To better understand this, we mapped the temporal community dynamic profile resolved at the genus level presented earlier (Figure 3.25 under Section 3.3.5.2) to one that was resolved at the functional group classification level (i.e. according to Table 4.4 and discussed in section 4.4.1). Figure 4.13 shows the outcome of this mapping. The functional group dynamic profile showed distinct distribution of the five Groups within the MPBs compared to the two fractions (aqueous and IF) of TPPBs. The most prominent distinction is that for the hydrophobic subpopulation (Group 4 and 5), the MPBs appeared to favour the maintenance of a higher abundance of Group 5 bacteria over Group 4 bacteria across time.
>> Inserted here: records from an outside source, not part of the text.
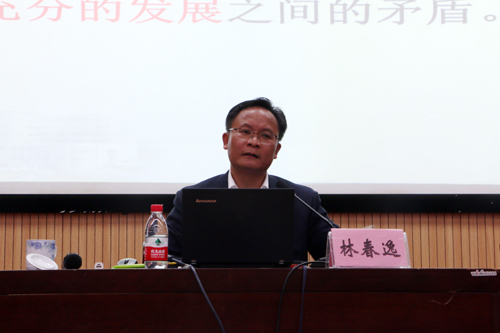 报告会上,林春逸教授围绕“新时代、新理论、新征程、新战略、新政策、新举措、新要求”等“七个新”给大家介绍了“习近平新时代中国特色社会主义思想”。其中,他着重介绍了“新时代”以及“新思想”,提出历史性变革成就了历史性变化,历史性变化把我们推向了新时代。其次,对于“为什么中国特色社会主义能进入了新时代”,林教授用“十大历史性成就”进行了解答。最后,林教授号召广大思想政治工作者将“习近平新时代中国特色社会主义思想”与思政育人工作相结合,并向广大青年提出寄语:思想政治教育工作者是精神家园的营造者,希望大家都能进一步夯实专业基础,转变思想政治教育理念,用习近平新时代中国特色社会主义思想体系的最新成果武装头脑,为实现中国梦贡献出自己的青春力量。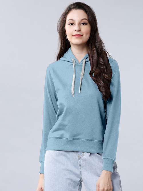 women solid long sleeve hooded sweatshirt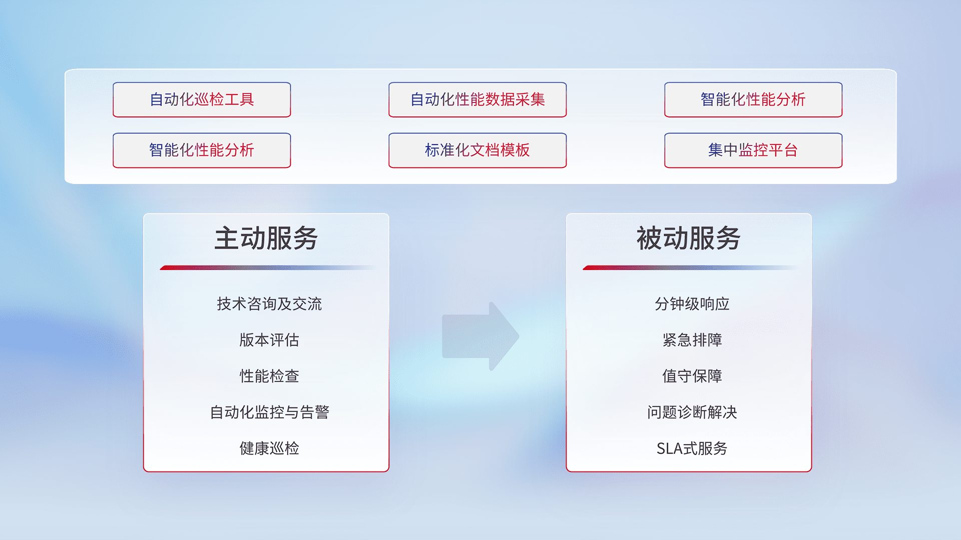 智能化工具和标准化文档,,保障服务质量,,,,提供主动服务(包含技术咨询、、版本评估、、性能检查、、自动化监控与告警、、健康巡检)和被动服务包含(分钟级响应、、、、紧急排障、、、值守保障、、、问题诊断解决、、、SLA服务)。。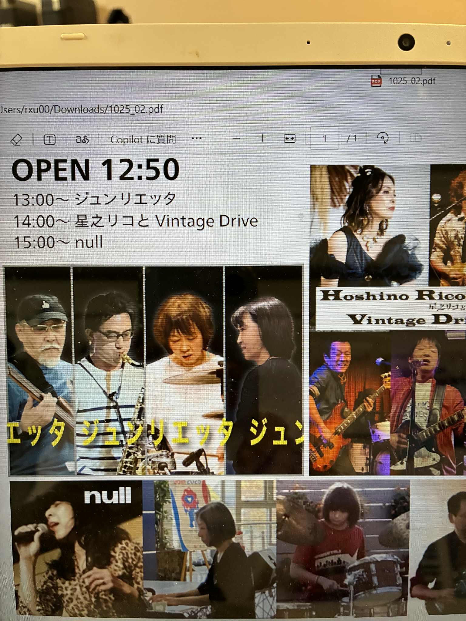 jazz & pops live open12:50 13:00 ジュンリエッタ 14:00 星之リコとvintagedrive 15:00 null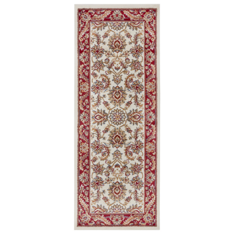 Orientálny koberec kombinujúci červenú a krémovo bielu farbu je nestarnúca klasika. Tento podarený kúsok s kvetinovými vzormi sa vyrába z polypropylénového vlákna, ktoré je mäkké a odolné. Vďaka stredne vysokému strihanému vlasu je tiež príjemný na došľap, čo Vaše bosé chodidlá najlepšie ocenia pri posteli alebo pohovke.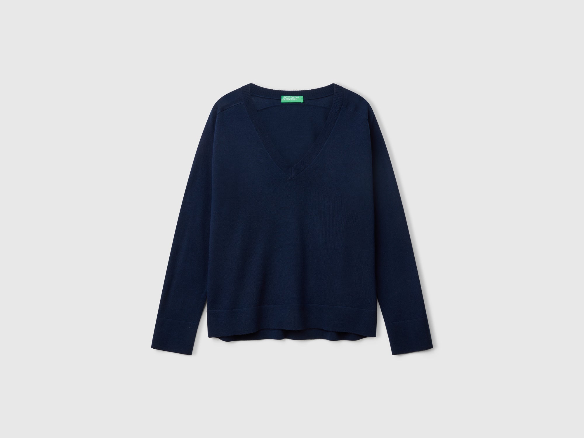 V-neck sweater in pure Merino wool da donna blu scuro | Benetton Outlet

Our demonstration that Group 5 bacteria showed the best growth and possess high CSH and emulsifier activity even in the absence of NAL phase (summarized in Table 4.5) provides a good explanation for this trend of MPBs. On the other hand, TPPBs supported a drastic shift towards more Group 4 bacteria across time at the expense of a significant decline in Group 5 bacteria, exhibited by the dynamic profiles of both the aqueous phase and the IF. This was most likely due to the fact that the hydrophobic properties of Group 4 bacteria are further enhanced in the presence of the NAL (Table 4.5, compare Monophasic and Biphasic blocks under Group 4), and would thrive better in a biphasic system where it could maximize this advantage by straddling both fractions. In the case of the other functional groups, at stationary phase (i.e. after Week 12) their relative abundance as compared to the initial inoculum could be generalized across all bioreactors as (i) not significantly changed for Group 1 and 2 bacteria and (ii) further reduced for Group 3 bacteria.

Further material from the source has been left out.